A Q-Q plot is a scatterplot created by plotting two sets of quantiles against one another. If both sets of quantiles came from the same distribution, we should see the points forming a line that’s roughly straight.
We can use base R or library(car) so you might need to install the package if you don’t have it already:
library(car)
qqPlot(data$rsi)[1] 45 44
#or in base R
qqnorm(data$rsi )
qqline(data$rsi )In this case it looks like our data might not be normally distributed, although most of the points are within the blue shaded area, but we might want a formal test to check.
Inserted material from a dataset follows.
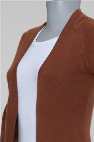 - Cardigan em lã 100% cashmere- Marrom claro total- Modelagem reta e ligeiramente acinturada- Abertura frontal alongada- Mangas longas retas- Acabamento canelado aparente- Comprimento regular- Sem fechamento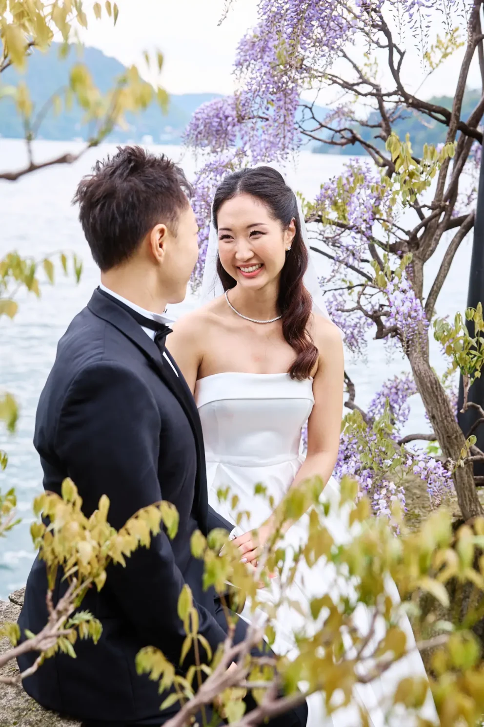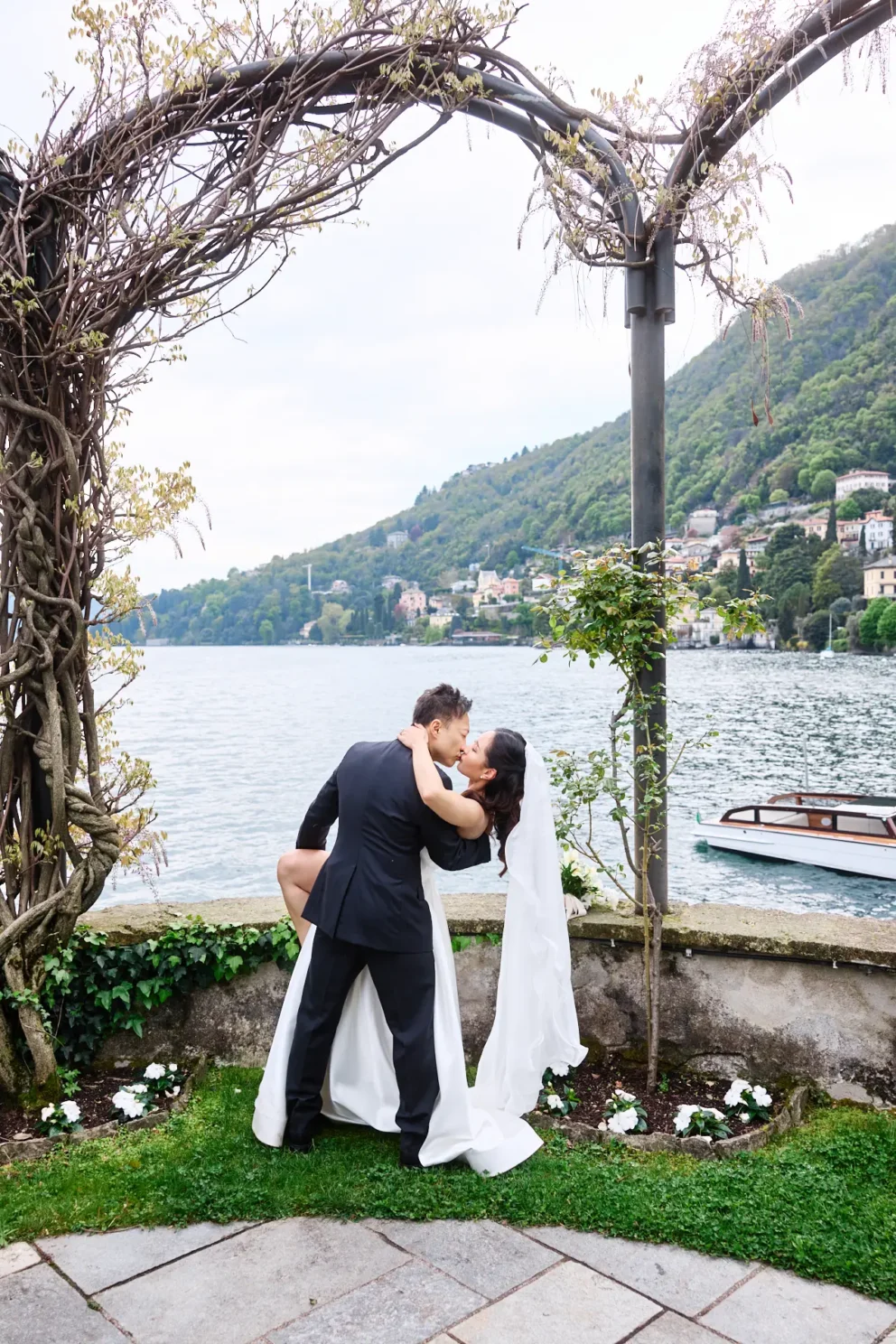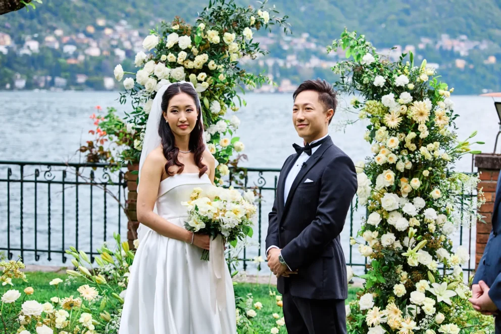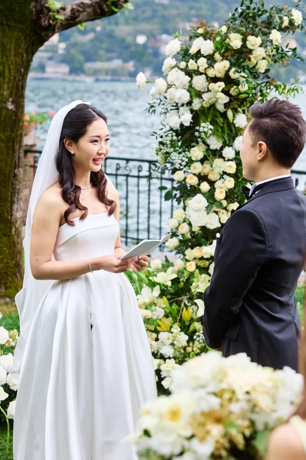 With the lake as their backdrop, they exchanged vows surrounded by their favorite people. The ceremony was followed immediately by an aperitivo, with drinks flowing and everyone celebrating on the lawn.

Shapiro-Wilk normality test
The Shapiro–Wilk test is a test of normality and simply tells us if the data is significantly different from normal. Here the null hypothesis is that the data will be normal and the test gives us a p-value for the likelihood that we would see the distribution we do if the null hypothesis is true. Remember p-values are crude and in reality why is p=0.51 any better than p=0.49. As such this is also not “air-tight”.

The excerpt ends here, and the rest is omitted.